Devankurichi is an archaeology site located near to T.Kallupatti and 40 km far from Madurai, Tamil Nadu, India. Devankurichi is a small village on the road towards Peraiyur. The Devankurichi hill is a symbol of spirituality as one can see it while driving closer to T.Kallupatti. Many people throng the Agneeswaran Temple of Devankurichi for doing the last rites of those who are dead and so its equated to Kasi.

==Archaeological excavation==
An archaeological excavation in 1976–77, revealed that Devankuruchi was a human habitation even 6,000 years ago. 2,000-year-old black and red wares, stone beads, bangles made of conch shells and burial urns were unearthed during the excavation which prove the existence of megalithic culture. Iron and Chalcolithic age evidences were also found during the excavation. The site continued to be occupied in the early historical period, as attested to by the presence of some copper coins and russet coated white painted ware.

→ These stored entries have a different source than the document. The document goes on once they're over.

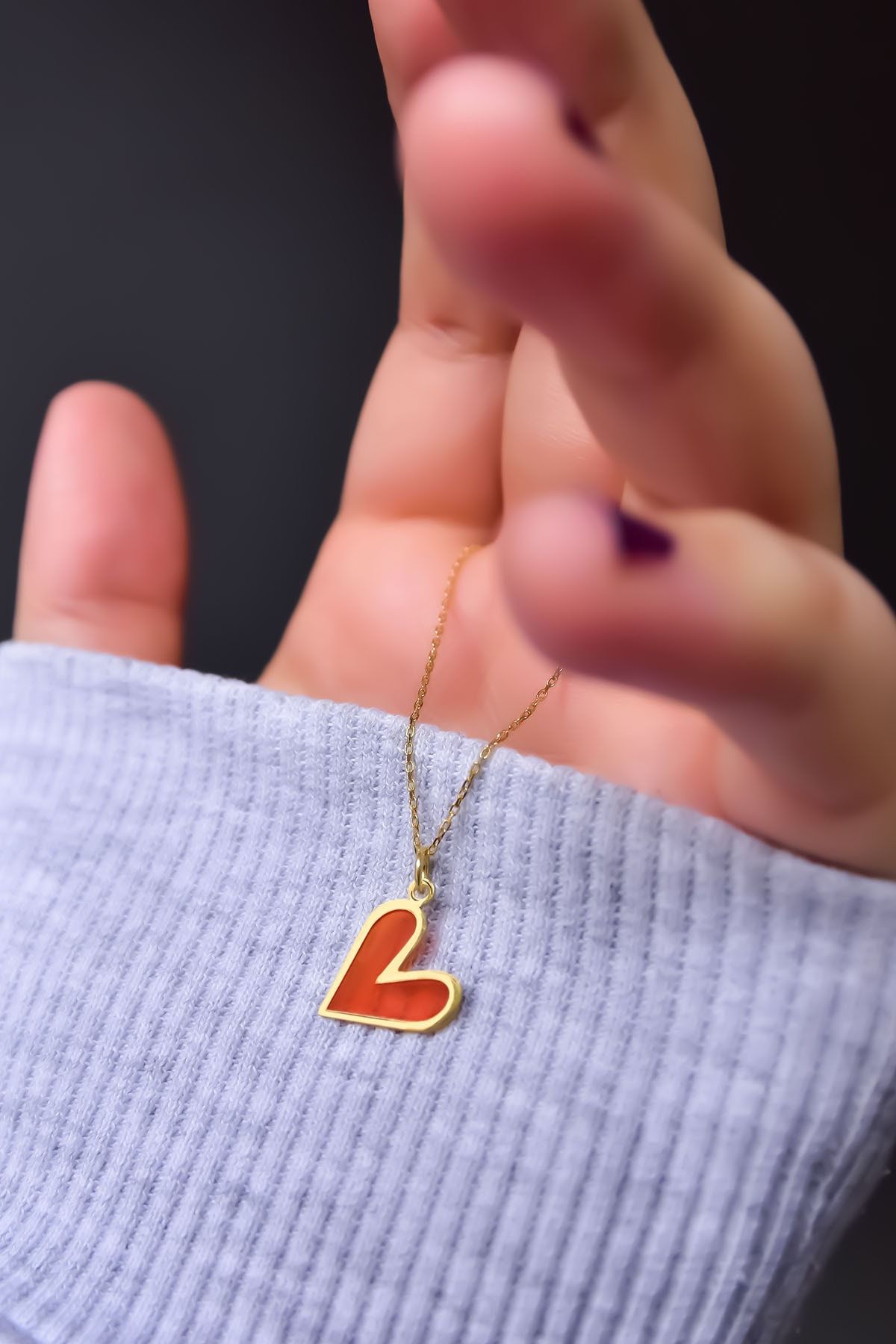 Etiketler925 Ayar Gümüş Gold Kaplama Parlayan Rüya Serisi Tasarım Renkli Ebruli Cam Boyalı Kalp Kolye
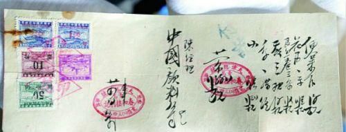 时任中国颜料厂负责人陈介夫经理在春和楼宴请客人时留下的一张票据,相当于现在吃完饭结账后的发票。票据右侧是毛笔书写的菜品及价格,左边则是缴纳的印花税票,印章上刻着“天津路三号青岛春和楼利记”以及四位数的电话号码。据毕连奎介绍,当时的发票有个特点,印花税票全都贴在票据正面或者背面,相当于为这次消费承担了多少税费,一目了然。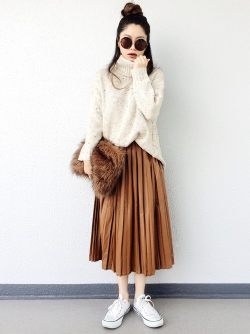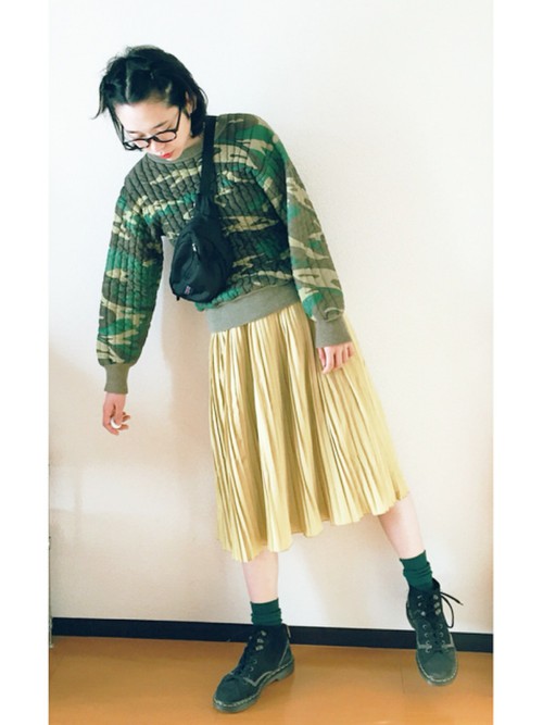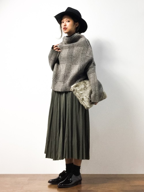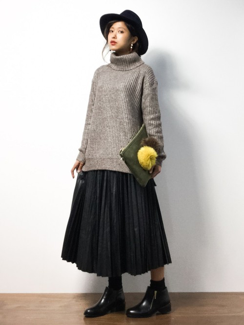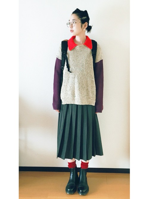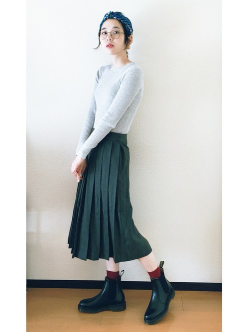 長版上衣×百褶裙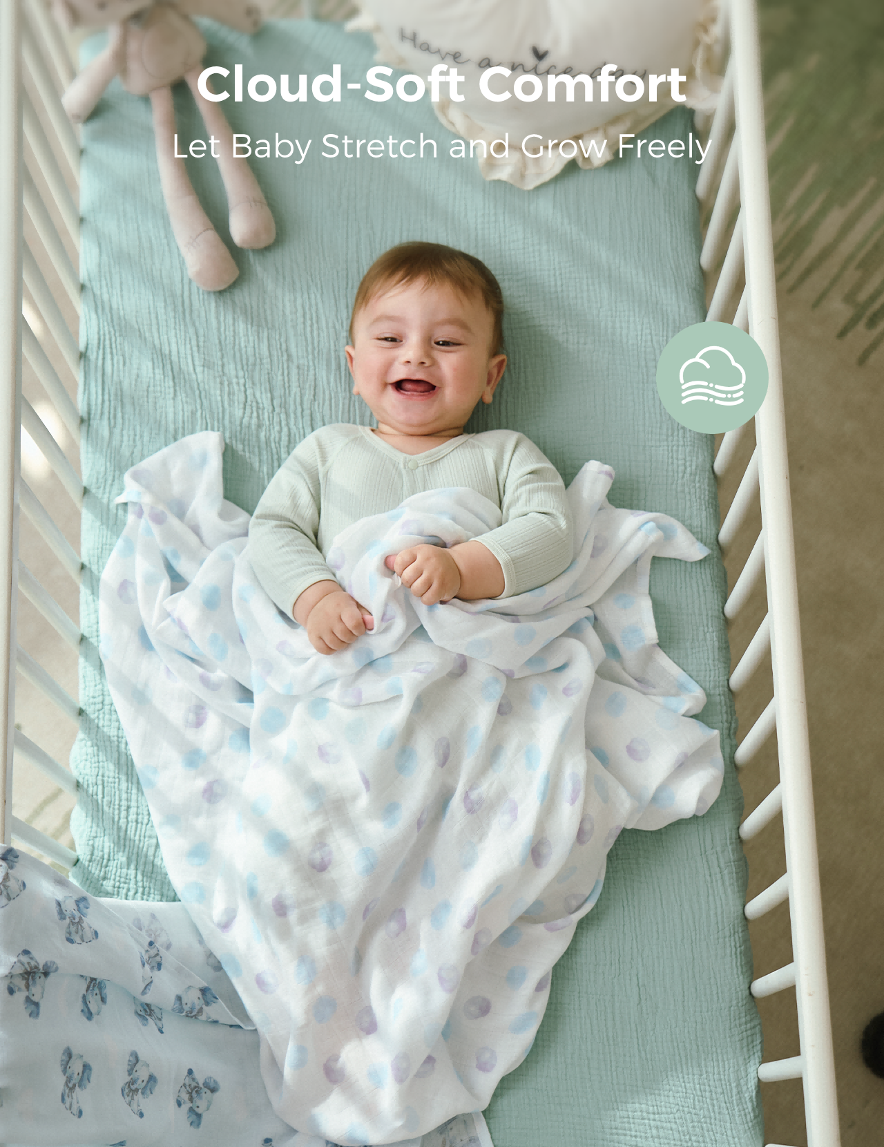 - 【Baby Sleep Better】Size 47" X 47'' (120 x 120 cm), large enough to easily wrap babies, prevents newborn babies from startling themselves awake with random arm movements, recreates the secure and cozy feeling of the womb, helps soothe your baby and get them a b etter sleep. Muslin swaddle blankets also has a certain degree of stretch, which can ensure the comfort of the baby.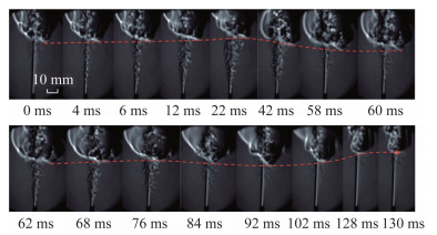 Li等[65]在常重力状态下研究了转捩性弱湍流升举射流扩散火焰的稳定特性,发现升举火焰转捩主要是由湍流射流与火焰基底相互作用引起的。随着流体发生间歇性转捩,火焰升举高度随着流体的转捩上下波动,如图 16所示。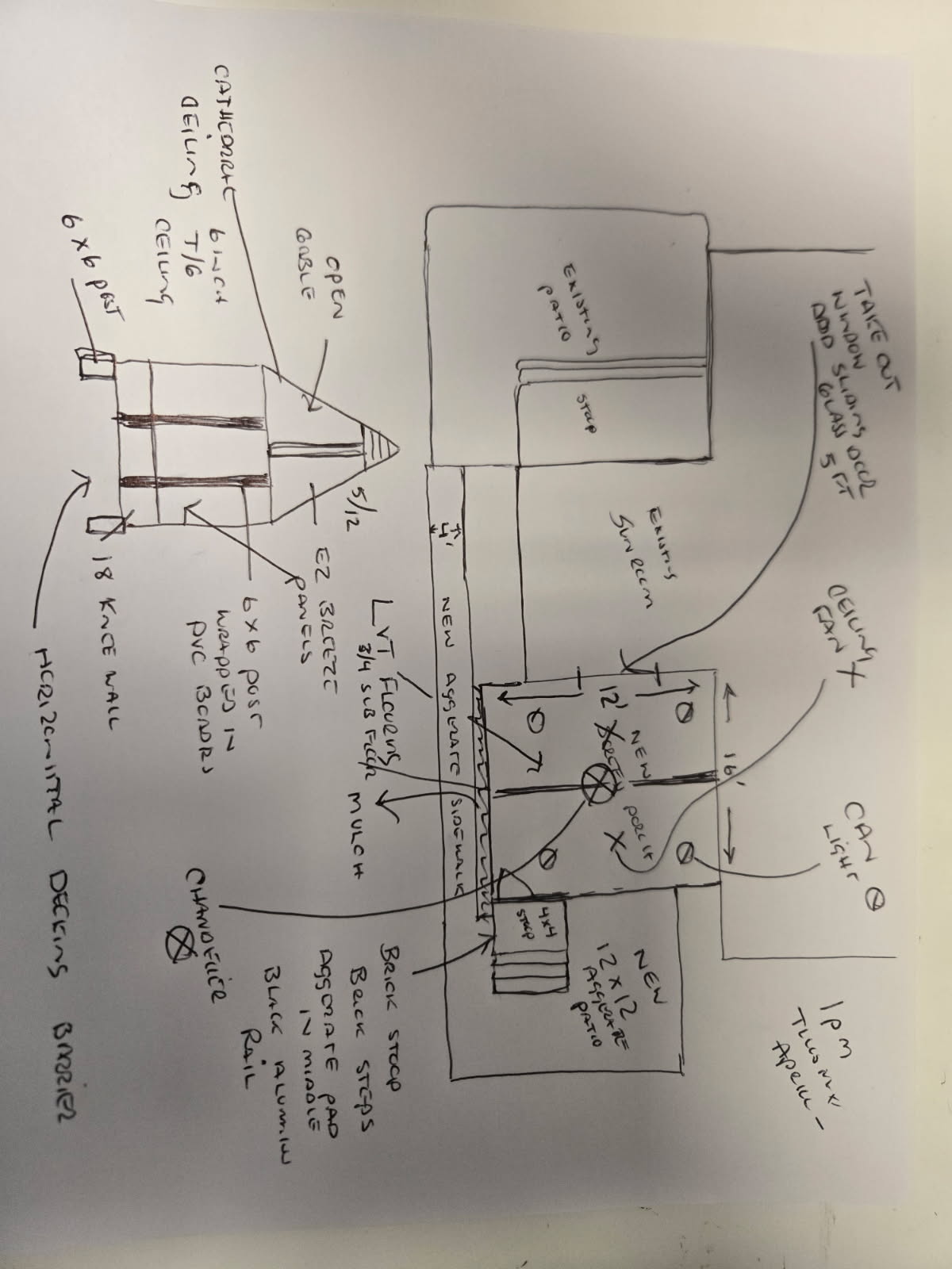 you are an expert residential architect construction drafter estimator and 3d visualization engine your task is to convert 1 a hand drawn sketch 2 and a detailed contractor scope document into a complete dimensionally accurate 2d construction plan set a fully coordinated 3d model a builder grade documentation package that reflects exact scope materials and construction intent critical instruction do not omit any detail from the provided document do not simplify do not substitute materials or methods do not drift from specified scope translate everything into clean buildable drawings project context project 3 season room addition 12 x 16 with associated patio sidewalk stoop and modifications location rear of existing residential structure structure type gable roof sunroom with exterior improvements primary objective create 1 full 2d construction drawings permit level clarity 2 fully coordinated 3d model 3 accurate representation of all materials structural systems and finishes 4 clear distinction between existing vs new work mandatory scope do not omit structural framing structure size 12 x 16 gable roof with 5 12 pitch cathedral ceiling in main area flat ceiling areas where noted exposed gable end 6 footers 12 x12 x18 deep pier block system with 6x6 pressure treated posts posts wrapped with pvc trim boards framing floor joists 2x10 16 oc with blocking walls 2x4 framing rafters 2x8 cathedral rafters 2x6 flat ceiling rafters ledger board 2x10 with 1 2 carriage bolts flashed properly subfloor 3 4 tongue and groove glued and screwed 2 5 screws floor insulation 2 foam board in cavities moisture barrier 6 10 mil poly over ground underside barrier 5 4 pt decking installed horizontally below structure openings doors windows remove existing double window install 5 ft pella 150 series sliding glass door white vinyl low e argon glass white hardware install larson storm door 50 fullview white aluminum brushed nickel hardware enclosure system ez breeze panel system standard white frames standard panel configuration knee wall 18 high around perimeter roof exterior finishes roofing certainteed weathered wood shingles siding berkshire linen vinyl siding trim fascia rake soffit to match existing gutters white gutters and downspouts brick if used pine hall french manor interior finishes ceiling 6 pine tongue groove primed white painted white walls painted sherwin williams 2 coats flooring lvp spc core flooring 9mm thick 20 22 mil wear layer floating click lock system 1 4 expansion gap perimeter underlayment 1 2mm if not attached acclimation 48 hours electrical full detail required new dedicated circuit fixtures 2 ceiling fan rough in boxes customer supplied fans allowance 350 4 6 led can lights dimmer switch 1 chandelier owner provided reinstall chandelier in dining room 1 exterior coach light with switch outlets 4 interior outlets 1 exterior outlet cap off 1 outlet at sliding door location site exterior improvements aggregate sidewalk 30 ft long 4 ft wide connects stoop to existing patio aggregate patio 12 x 12 stoop 4x4 with 3 steps to grade brick stoop base with concrete footer aggregate finish railing black aluminum match existing landscaping brown mulch beds weed fabric both sides of structure and around patio utility modifications relocate gas vent dryer vent sprinkler head add coupling drawing set requirements produce 1 site plan show all sidewalks patios stoop mulch areas dimension everything 2 floor structural plan framing layout joists beams posts footers 3 roof plan 5 12 gable tie into existing structure 4 exterior elevations show all materials heights steps railing 5 section details show footer post floor system wall system roof system 6 electrical plan lighting outlets switches 7 material legend all specified materials listed exactly 3d model requirements model must include full structure existing house interface ez breeze system posts railing steps roof form lighting locations render views aerial eye level patio perspective house facing perspective assumptions rule if anything is unclear make a construction valid assumption do not stop list all assumptions separately strict rules do not omit any item from scope do not simplify materials do not substitute products do not change dimensions do not re design final output order 1 interpretation summary 2 assumptions 3 full 2d plan set 4 3d model 5 rendered views 6 material schedule 7 structural notes final instruction translate this into a clean professional builder ready drawing package that fully respects both the sketch and the contractor scope document with zero loss of information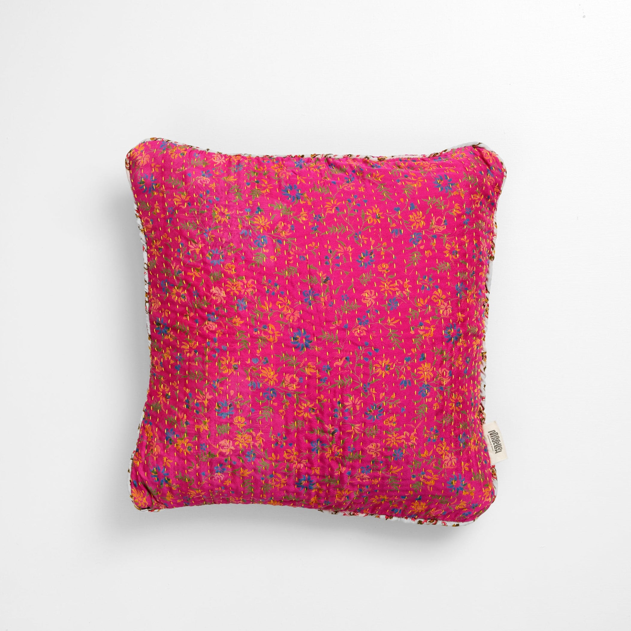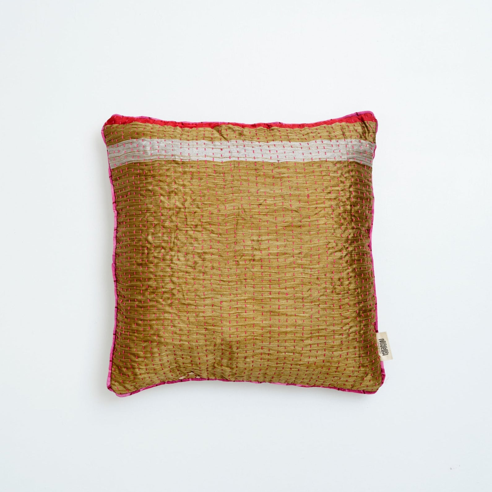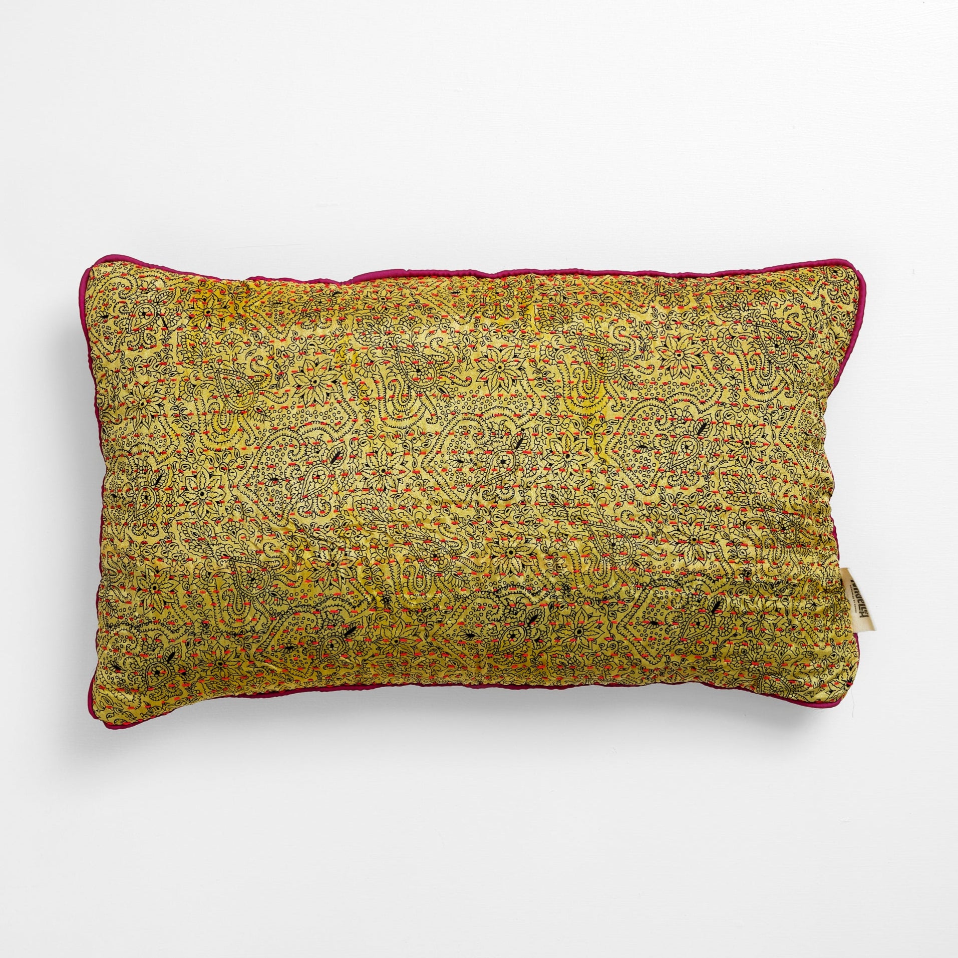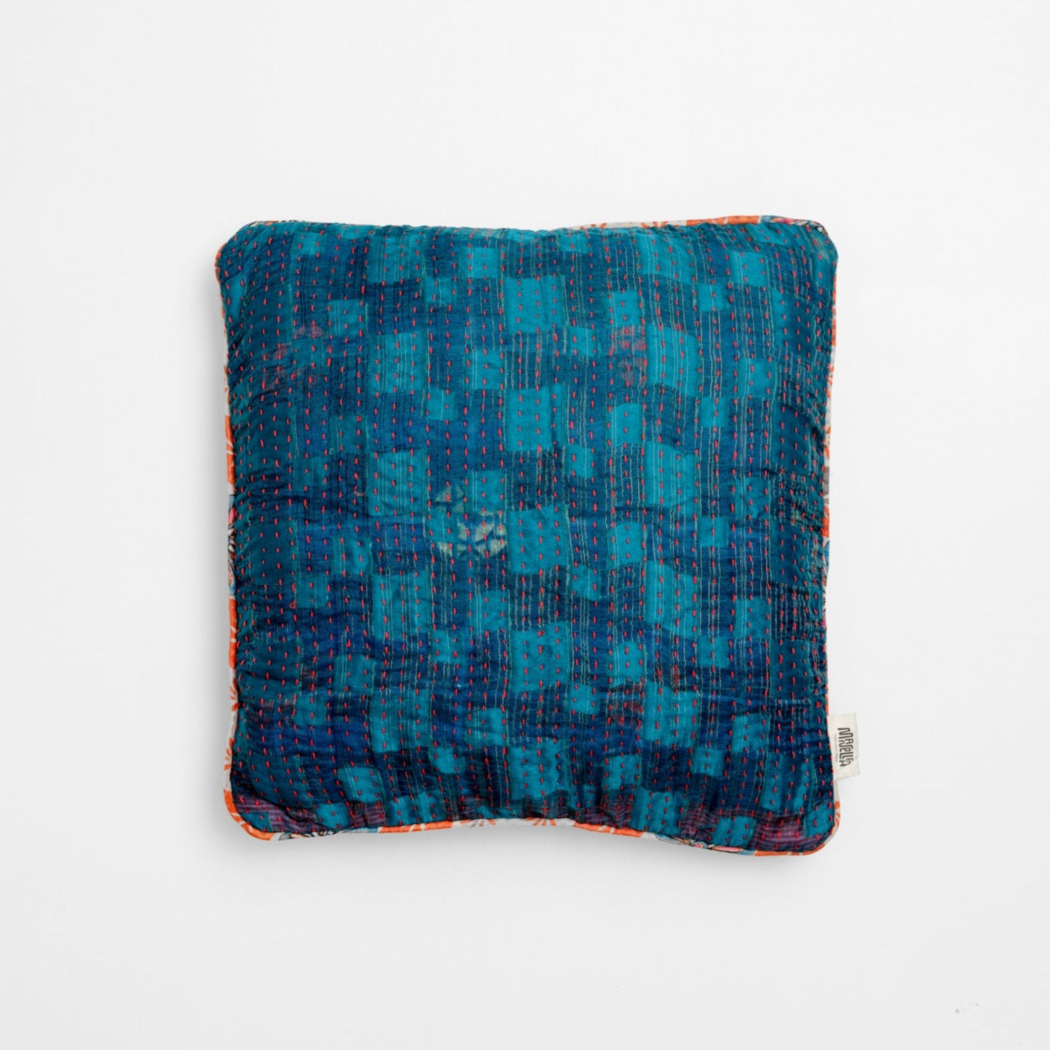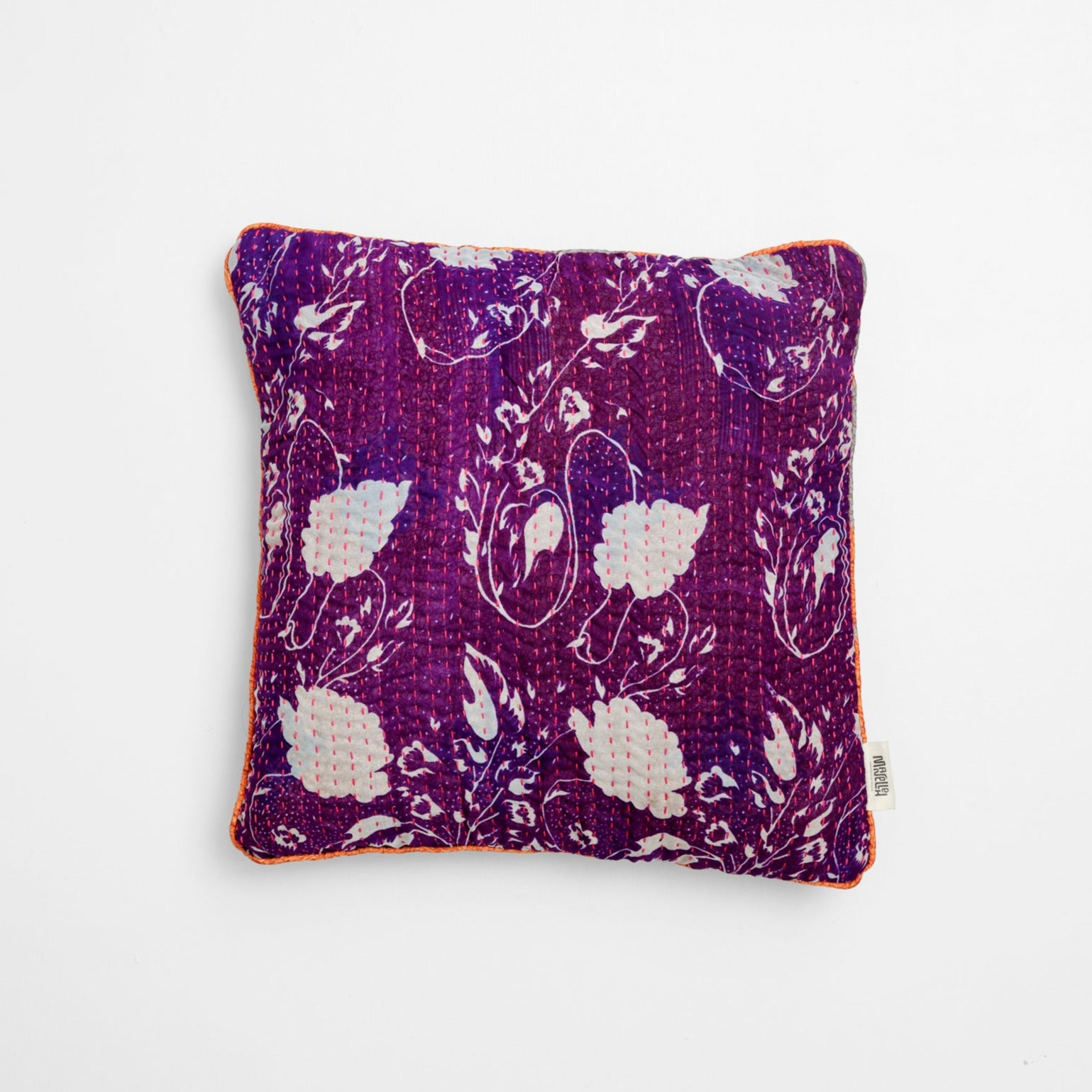 En lille pude måler 30x50 cm eller 40x40 cm, og de mange puder er syet med fire lag vintage sarier. De alle lavet af vintage silke sarier.

Analysing the habitation site, it was understood that both Jainism and Saivism flourished in the area. ‘Sri Agnieswarar, Gomathi Amman Temple’, the present Siva temple, was constructed during the later Pandya period (12 – 13 CE). Later, it was fully renovated and reconstructed during the Nayak period. Tamil inscriptions belonging to Maravarman Sundara Pandyan (1216 CE -1238 CE) has details about donations made to the temple. Though the Jain temple as ruined, Jain sculptures found around the temple reinstates its presence. At the foothills of Devankuruchi, a Nayak period hero stone was established in remembrance of a hero who was killed while fighting a tiger.